Download the generated file "krona.html" with Cyberduck and let's inspect it.

## 7. EXTRA: ChatGPT and Copilot for coding

Type into ChatGPT:

"You're an experienced bioinformatician who is generating an R script for a bioinformatic workshop on metabarcoding data processing. Write an R script that uses phyloseq to explore the structure of an OTU table and generates multiple different nice visualizations."

Type:

"In a phyloseq object in R, I want to remove a few OTUs by name (for example, OTU_1). How?"
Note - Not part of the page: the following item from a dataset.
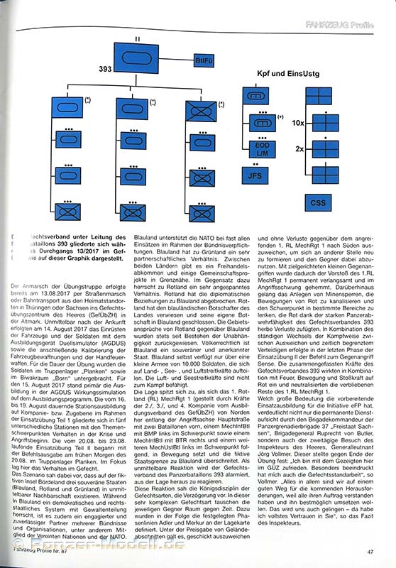 In diesem Heft mit 48 Seiten geht es um die Übungen der Panzergrenadierbrigade 37 als Vorbereitung für den Einsatz im Baltikum und Polen als Teil des mulinationalen Verbandes als vorgeschobener NATO Posten gegenüber Russland. Die Fotos im Heft sind durchgängig farbig in der heutzutage gewohnten aktuellen, guten Fotoqualität. Der Text wie auch die Bildunterschriften sind durchgängig einsprachig in deutsch. Das Heft kostet 11,80 Euro und kann direkt beim Velag bezogen werden. Fahrzeug Profile Vol.86 "Thüringer Schwert - Panzergrenadierbrigade 37 im Training für NATO Enhanced Forward Presence" Daniel Nowak Jahr: 2018, Vertrieb: Unitec Medienvertrieb Preis: 11,80 €

## 8. EXTRA: DADA2 on IBEX

Running DADA2 on IBEX is a little bit more tricky than running, for example, Apscale, as you need to install DADA2 in your local R directory and need to setup an R script that you then upload to IBEX and run via SBATCH. First, load the R module, then generate a directory in which installed R packages are saved, and open R:

```
module load R
mkdir -p $R_LIBS
R
```

In R, type the following line by line to install dada2 and some other required packages:

```
install.packages("BiocManager") # Select mirror "1"
BiocManager::install("dada2")
BiocManager::install("phyloseq")
```

Locate the R file "dada2_master_script.R" in the kaust_bioinfo_workshop GitHub directory, open it with R Studio, and adjust the initial variables as required, which means you need to specify the path on IBEX to your sequences etc. Note: the script requires reads that were already primer-trimmed with the tool "cutadapt", so you have to run cutadapt before running the dada2 script. This means you need to install cutadapt in a mamba environment and use it to trim the primers of your raw sequences like shown in [this](https://cutadapt.readthedocs.io/en/stable/guide.html) user guide.

Then, upload the modified dada2_master_script.R script to IBEX. In the same folder, upload the SLURM script "dada2_sbatch.sh". Finally, on IBEX, submit the SLURM script via `sbatch dada2_sbatch.sh`. IMPORTANT: The R and SLURM script have to be in the same location and all your variables specified in the R script need to be correct, otherwise it won't work.